I saw a cool filtration system the other day and I was wondering if anyone else had heard of/used it. I'll draw a little diagram on Photoshop and post it so you guys can see what it looks like:










A) Water intake from your tank
B) Outake, water goes back into your tank
C) Light source
D) Bioballs
E) Sand substrate
F) Plants used to absorb nutrients
G) Filtration sponge to catch sand and other large chunks trying to pass through

I saw this on a marine tank and asked the manager what it was and he told me about it. He also said that it can be converted to be used on freshwater tanks too. BTW, this thing was not big, it was about the size of a large powerfilter and it was hanging on the side of his tank. Very nice.


----------



## RhomZilla (Feb 12, 2003)

I would guess its a mini wet/dry which also pushes CO2 mixture in the water when entering back in the tank, as an alternative to oxygen from bubbles?

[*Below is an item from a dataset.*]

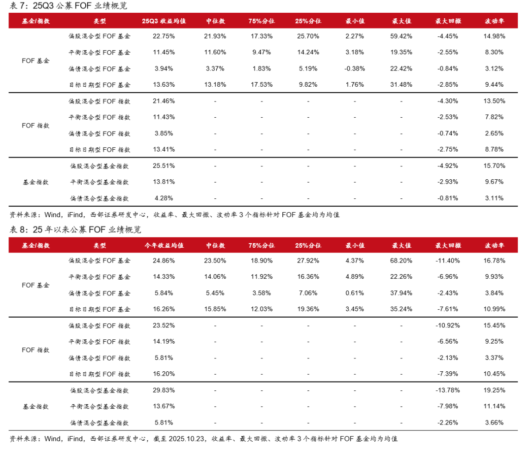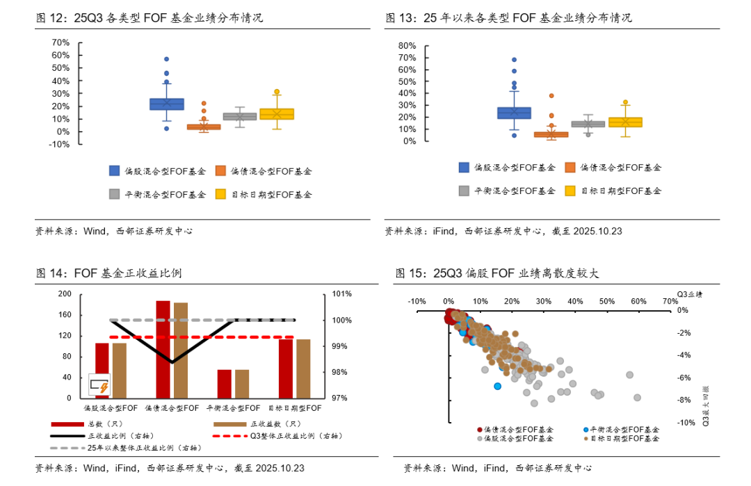 FOF正收益比例为99.35%。25Q3,偏股FOF、平衡FOF、目标日期型FOF正收益比例均达100.00%,偏债FOF正收益比例为98.40%。25年以来,全部FOF正收益比例达100.00%。
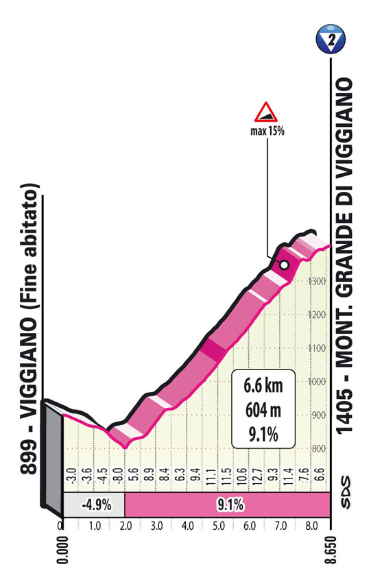 Dopo la discesa piccolo tratto in pianura che dirigerà il plotone al Bivio per Viggiano dove inizia una breve salita verso il primo traguardo volante di Viggiano (4300 metri al 6,7%); brevissima discesa e si risale verso Montagna Grande di Viggiano (6,6 al 9,1%) la salita più dura della giornata.

Anyone else care to have an opinion??


----------



## Sir Nathan XXI (Jan 29, 2003)

I used to use something very similar, except I used 2 sumps instead of putting both in one

you need alot of plants to make it work so with tanks like mine 125g, you would need somethign like a 40g full of fast growing plants for it to work well


----------



## WebHostExpert (Jan 16, 2003)

It looks like a planted wet/dry to me..

MAD


----------